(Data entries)
********************

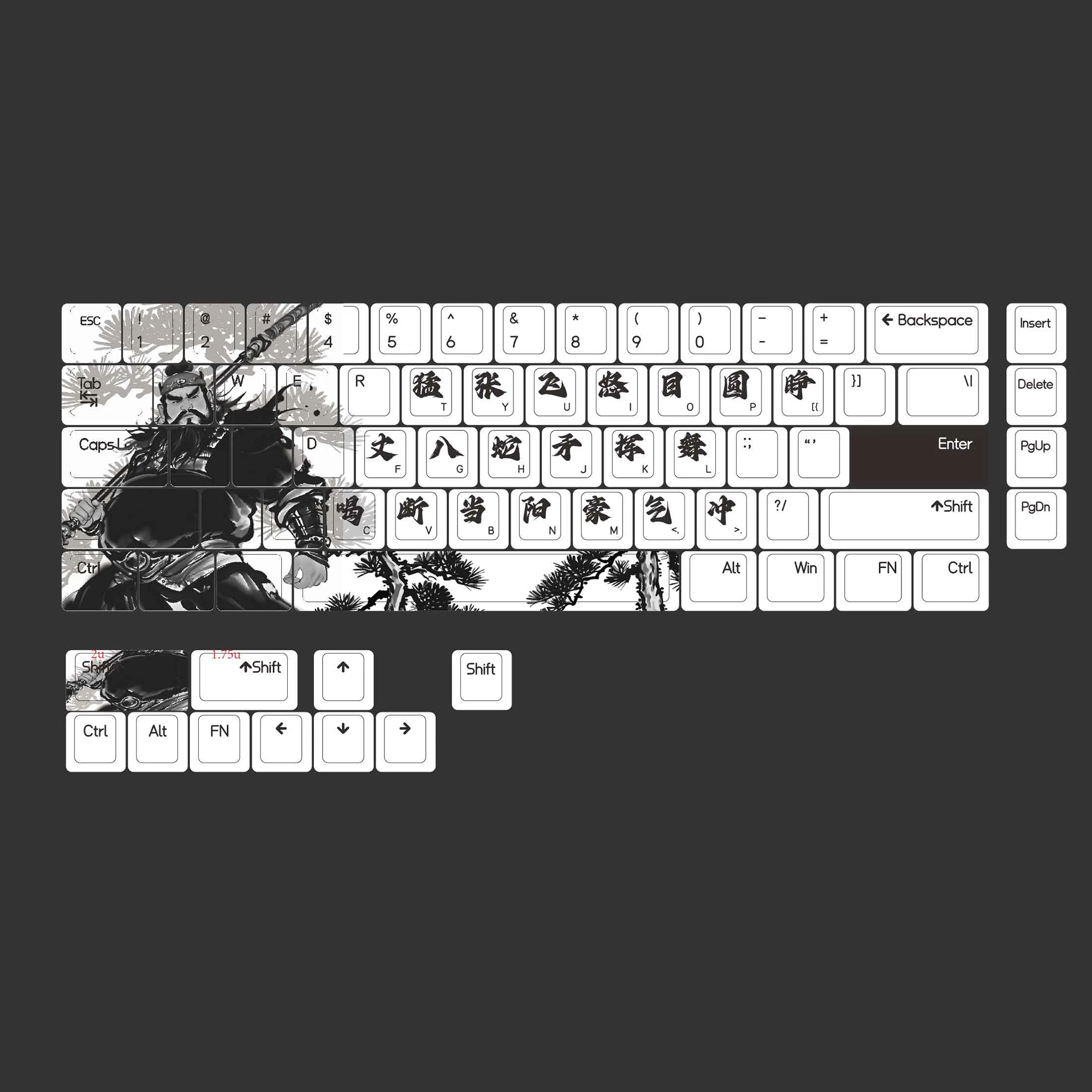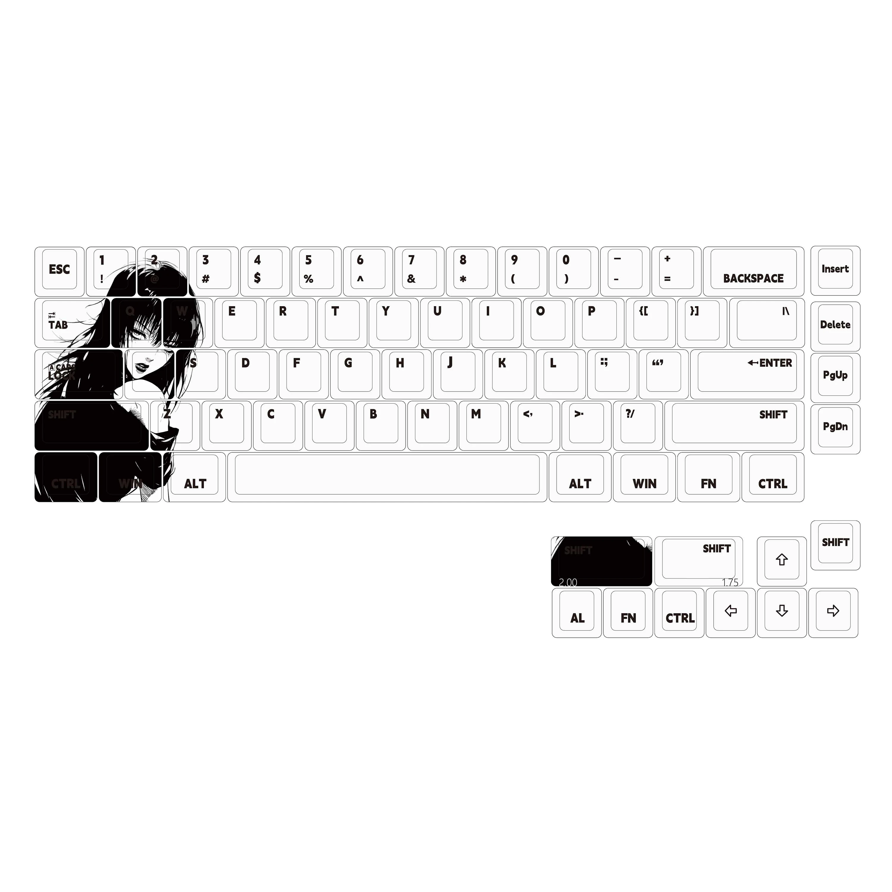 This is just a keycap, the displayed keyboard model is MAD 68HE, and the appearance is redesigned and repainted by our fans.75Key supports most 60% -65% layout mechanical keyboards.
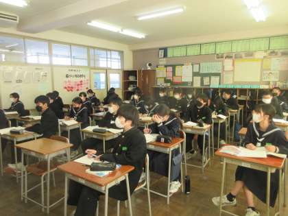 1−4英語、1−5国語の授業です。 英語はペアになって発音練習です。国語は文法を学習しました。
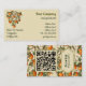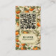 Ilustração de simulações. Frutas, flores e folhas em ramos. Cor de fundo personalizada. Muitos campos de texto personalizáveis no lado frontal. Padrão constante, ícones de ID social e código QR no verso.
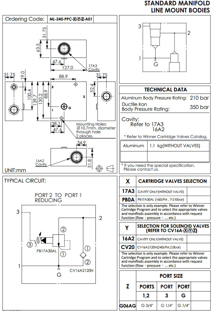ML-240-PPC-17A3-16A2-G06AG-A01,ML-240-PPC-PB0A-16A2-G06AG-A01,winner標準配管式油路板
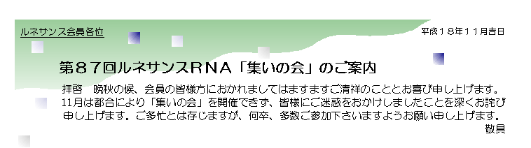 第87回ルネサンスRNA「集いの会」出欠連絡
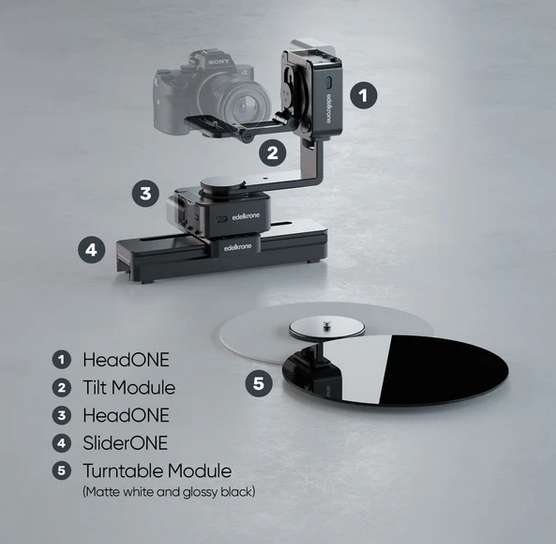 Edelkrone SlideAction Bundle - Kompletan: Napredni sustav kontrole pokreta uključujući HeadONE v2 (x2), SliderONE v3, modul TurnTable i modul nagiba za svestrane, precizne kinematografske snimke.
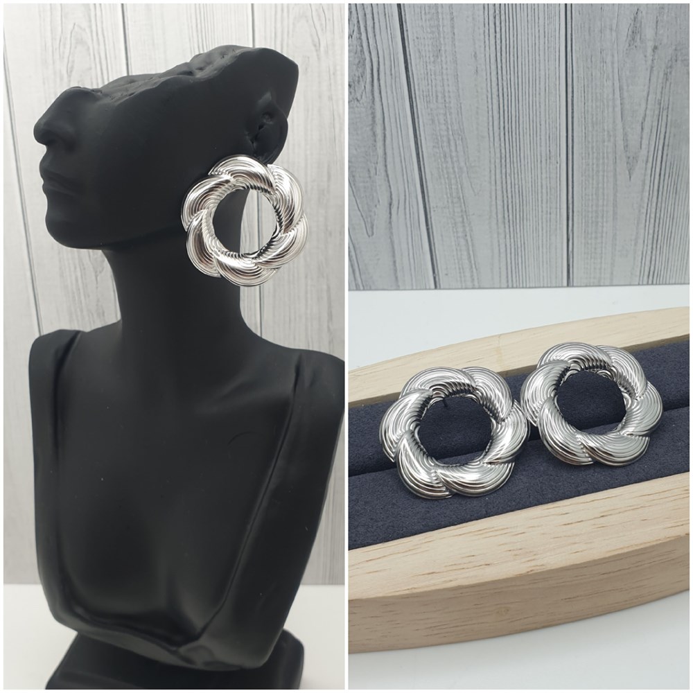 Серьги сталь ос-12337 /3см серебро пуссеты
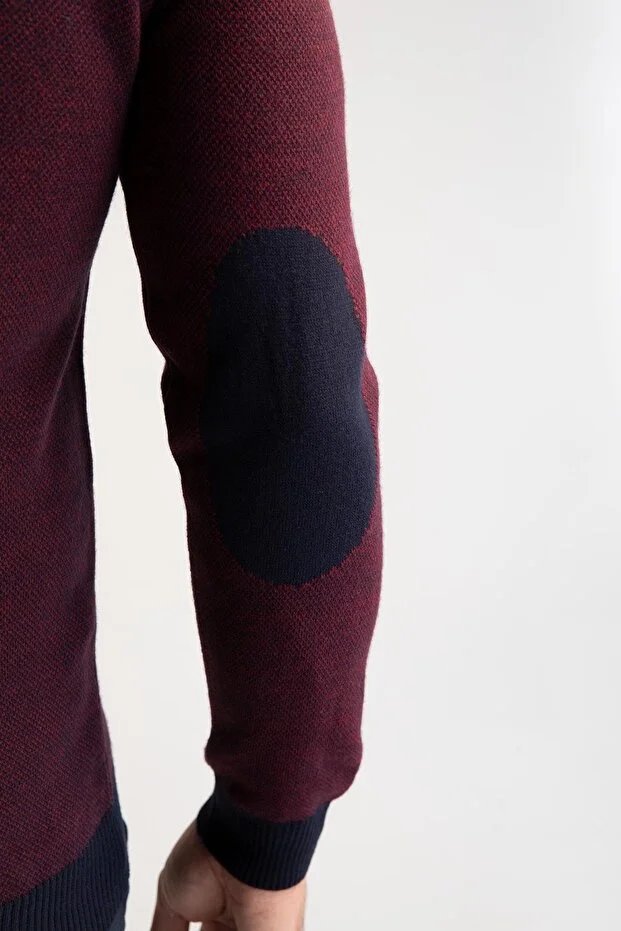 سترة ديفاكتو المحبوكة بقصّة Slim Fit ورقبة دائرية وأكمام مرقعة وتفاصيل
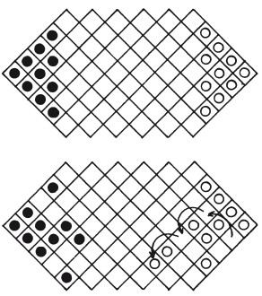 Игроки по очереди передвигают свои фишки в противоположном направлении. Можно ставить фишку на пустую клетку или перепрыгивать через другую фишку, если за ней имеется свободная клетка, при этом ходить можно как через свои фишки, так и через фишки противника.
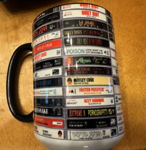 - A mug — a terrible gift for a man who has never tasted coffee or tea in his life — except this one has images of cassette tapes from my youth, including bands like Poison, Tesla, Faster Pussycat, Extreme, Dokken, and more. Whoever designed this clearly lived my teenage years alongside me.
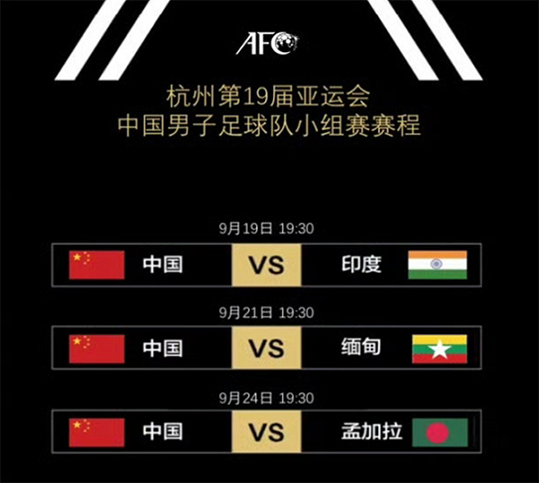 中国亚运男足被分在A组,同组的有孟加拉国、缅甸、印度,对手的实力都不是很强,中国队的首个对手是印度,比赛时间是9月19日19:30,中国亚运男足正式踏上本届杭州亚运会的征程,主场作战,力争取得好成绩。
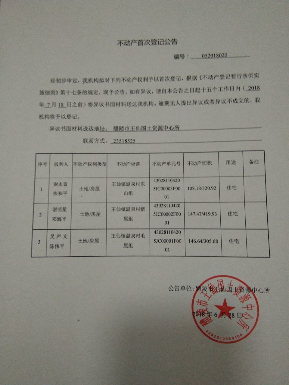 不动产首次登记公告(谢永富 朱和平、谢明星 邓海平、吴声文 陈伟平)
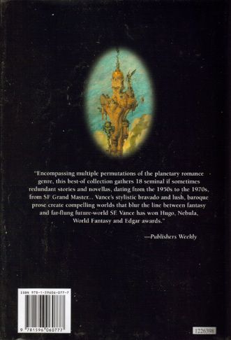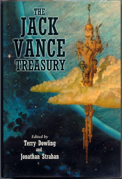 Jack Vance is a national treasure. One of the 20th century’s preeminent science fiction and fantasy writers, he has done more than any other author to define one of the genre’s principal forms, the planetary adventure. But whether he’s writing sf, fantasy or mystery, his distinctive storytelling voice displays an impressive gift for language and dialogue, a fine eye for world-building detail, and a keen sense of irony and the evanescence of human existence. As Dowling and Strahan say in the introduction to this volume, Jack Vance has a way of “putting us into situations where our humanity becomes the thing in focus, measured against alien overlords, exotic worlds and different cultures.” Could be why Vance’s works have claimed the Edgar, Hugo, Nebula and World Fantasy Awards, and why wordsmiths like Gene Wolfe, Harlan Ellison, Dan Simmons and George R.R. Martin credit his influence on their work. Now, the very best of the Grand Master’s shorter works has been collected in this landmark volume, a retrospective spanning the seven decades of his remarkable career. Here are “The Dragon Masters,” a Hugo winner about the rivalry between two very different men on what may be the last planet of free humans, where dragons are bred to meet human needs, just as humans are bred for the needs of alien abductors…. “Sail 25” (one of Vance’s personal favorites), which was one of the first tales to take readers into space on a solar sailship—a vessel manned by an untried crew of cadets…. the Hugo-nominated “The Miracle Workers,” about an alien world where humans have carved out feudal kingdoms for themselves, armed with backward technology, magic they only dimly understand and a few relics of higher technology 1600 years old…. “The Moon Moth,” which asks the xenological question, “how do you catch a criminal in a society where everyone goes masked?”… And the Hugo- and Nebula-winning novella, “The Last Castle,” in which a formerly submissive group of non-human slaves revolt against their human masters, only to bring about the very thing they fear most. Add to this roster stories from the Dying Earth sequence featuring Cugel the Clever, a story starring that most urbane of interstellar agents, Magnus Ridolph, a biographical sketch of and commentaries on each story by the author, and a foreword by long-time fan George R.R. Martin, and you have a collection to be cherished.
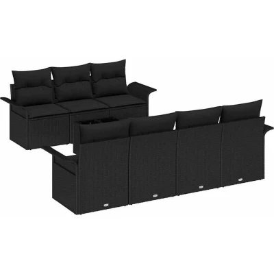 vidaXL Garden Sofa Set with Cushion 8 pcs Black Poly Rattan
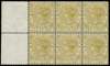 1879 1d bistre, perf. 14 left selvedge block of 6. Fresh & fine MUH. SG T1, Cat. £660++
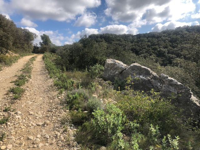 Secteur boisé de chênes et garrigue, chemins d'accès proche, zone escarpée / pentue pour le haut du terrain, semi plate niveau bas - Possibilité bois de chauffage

********************

▶ _WORK TO COMPLETE_:
With the pictures omitted, restate word for word the lines above from the line that has "Edelkrone SlideAction Bundle" up to and including the line that has "سترة ديفاكتو المحبوكة", and no other lines.

▶ _EXPECTED OUTPUT_:
 Edelkrone SlideAction Bundle - Kompletan: Napredni sustav kontrole pokreta uključujući HeadONE v2 (x2), SliderONE v3, modul TurnTable i modul nagiba za svestrane, precizne kinematografske snimke.
 Серьги сталь ос-12337 /3см серебро пуссеты
 سترة ديفاكتو المحبوكة بقصّة Slim Fit ورقبة دائرية وأكمام مرقعة وتفاصيل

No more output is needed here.